Marketing definition highlighted in green in the dictionaryEvery year, a crop of newfangled words and phrases is added to our dictionaries—and technology is driving a lot of the most recent additions. For example, hashtag, selfie, and big data were all added to the Merriam-Webster’s Collegiate Dictionary in 2014, and more novel terms are being generated all the time. It can be difficult to keep up, especially in the fast-paced world of digital marketing. That’s why we continually update our digital marketing glossary, in the hopes that our readers will find it to be a useful guide in the rapidly changing landscape.
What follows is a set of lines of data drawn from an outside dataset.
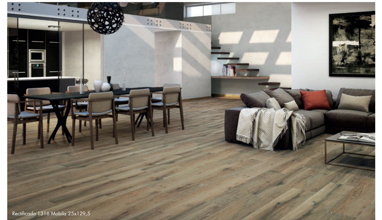
Rectificado 1316 Mobila 25x129,5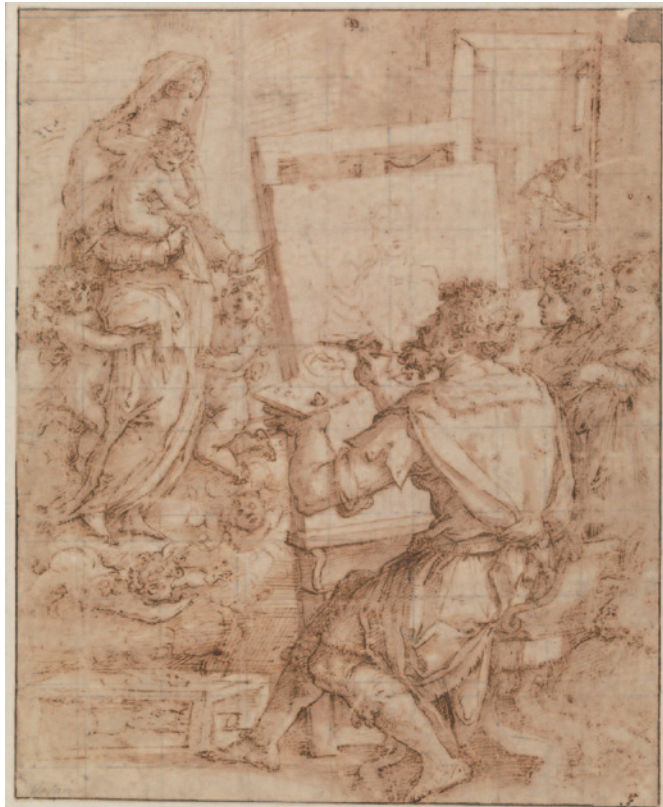
Imagen 1. San Lucas pintando a la Virgen . Giorgio Vasari (1567-1572). Lápiz, pluma, aguada y tinta parda, 264 x 214 mm. Museo Nacional del Prado, Madrid.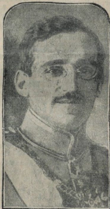
Nj. Vel. kralj Aleksander I.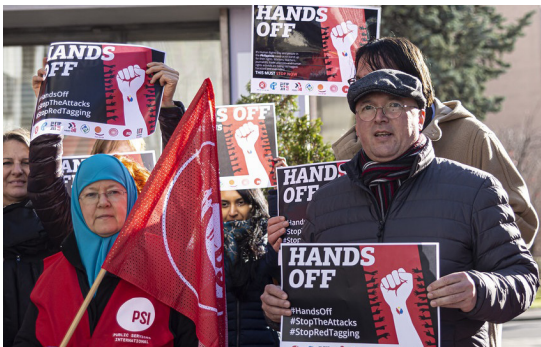
Funcionarios de IndustriALL Global Union protestan contra la creciente represión en Filipinas.

Entonces, nuestras esperanzas de una paz justa y duradera deben descansar en unirnos en mayor número, afrontar mayores desafíos y sacrificios y luchar con más determinación para ver el fin del régimen tiránico.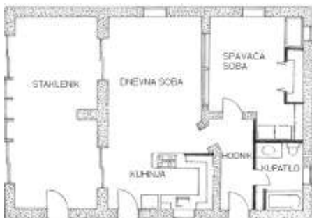
Slika 1. Tlocrtni raspored prostorija u odnosu na sjever

Pasivne solarne građevine najčešće imaju tlocrt (pogled odozgo) u obliku pravougaonika (slika 1), tako da je jedna stranica pravougaonika duža od druge.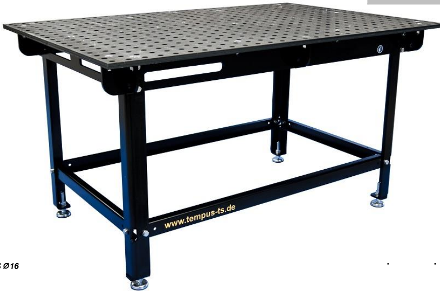
Bild : SST 80/16 S Ø16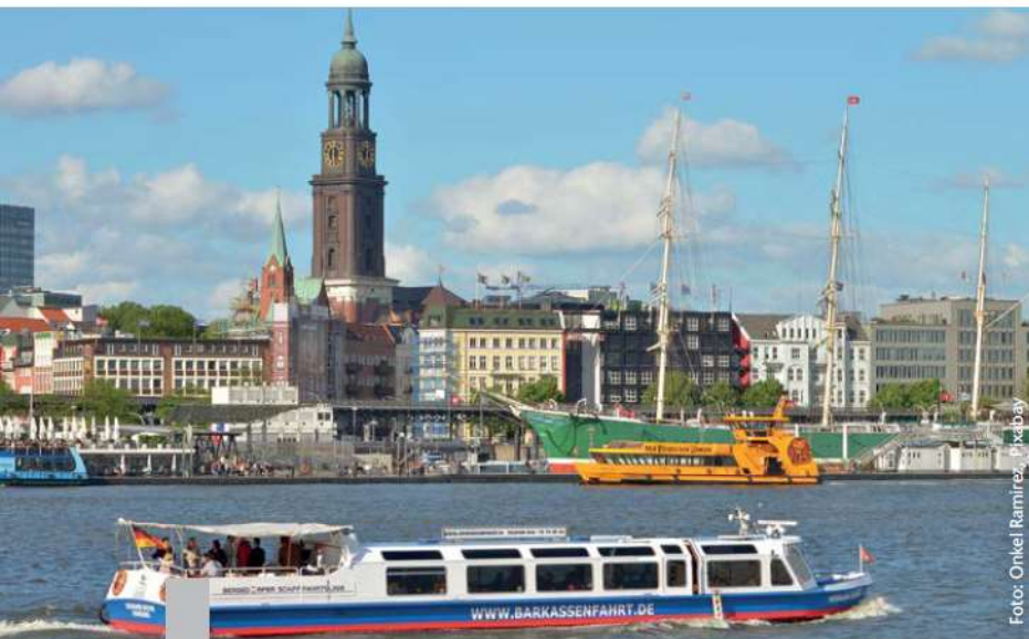
Hamburg steht für Weltoffenheit, München für Geselligkeit und Berlin für Kreativität. Sind das Klischees, oder ist etwas dran an diesen Vorstellungen?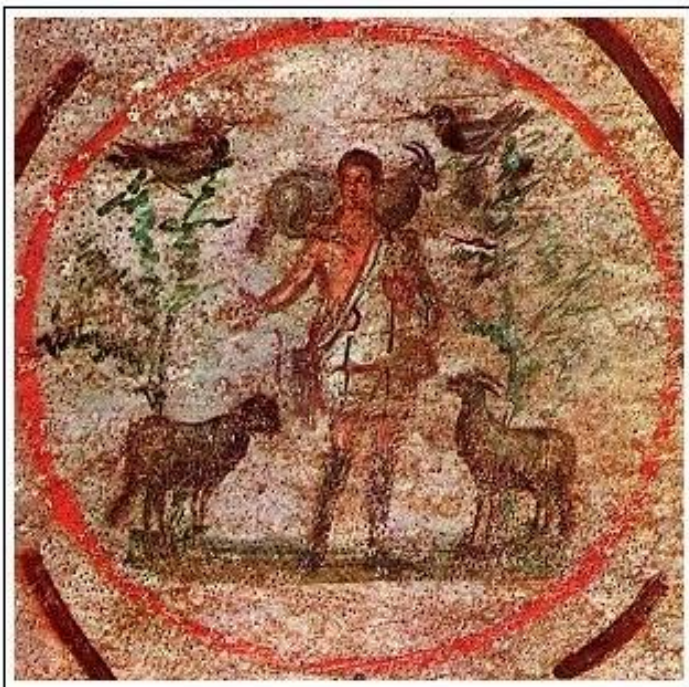
Christus als der Gute Hirte (Priscilla-Katakombe - Rom)

Wer bei einem Besuch in Rom die berühmten Katakomben besichtigt, kann dort die erste und älteste christliche Darstellung von Jesus finden. Es ist kein Bild von Jesus am Kreuz, sondern von Jesus als Römer mit einer Toga bekleidet und ein Lamm über den Schultern: Jesus der gute Hirte.

Recently, we added five new terms to the glossary, and each one tells a different story about the latest evolution of online marketing. Take a look, and find out why these phrases made the cut.

Geographical Targeting

According to our glossary, this strategy, also called geotargeting, is used to determine where visitors are located on the map in order to deliver relevant content to them. Of course, there’s a number of different ways to make that happen:

  • Search: Most search engines provide location targeting so your paid search ads appear only in the geographic locations that you choose, such as in certain countries, areas within a country, a radius around a location, or location groups.
  • Online: By identifying a web visitor’s location, you can serve up content specific to that location. This includes matching languages, currency, visuals, and many other elements.
  • AMobile: Using smartphone users’ GPS, marketers can deliver ads that are applicable to where they are. For example, if a blizzard hits a certain area, you can send a message to your audience that snow shovels are on sale in a nearby store. With geofencing (which creates a radius around a certain area), you can target customers with a tailored message when the GPS indicates they’ve entered the area. You can  even be notified that they’ve arrived. For example, if VIP customers walk into your store, your sales associates could get an alert – as well as buying history – so they would be able to tailor their customer service to the VIP.
  • Email: Personalizing an email with location-based details is a great way to increase engagement. For example, you can send prospects an alert about a local event that’s relevant to their interests, like a seminar or a networking event.
  • Social media: Advertisers on Twitter can use geotargeting to deliver promoted tweets tailored to regional audiences, and Facebook marketers can use location criteria for promoted posts as well as Facebook ads. Facebook also recently announced the launch of hyper-local advertising, which targets ads within a specific distance of a specific retail location.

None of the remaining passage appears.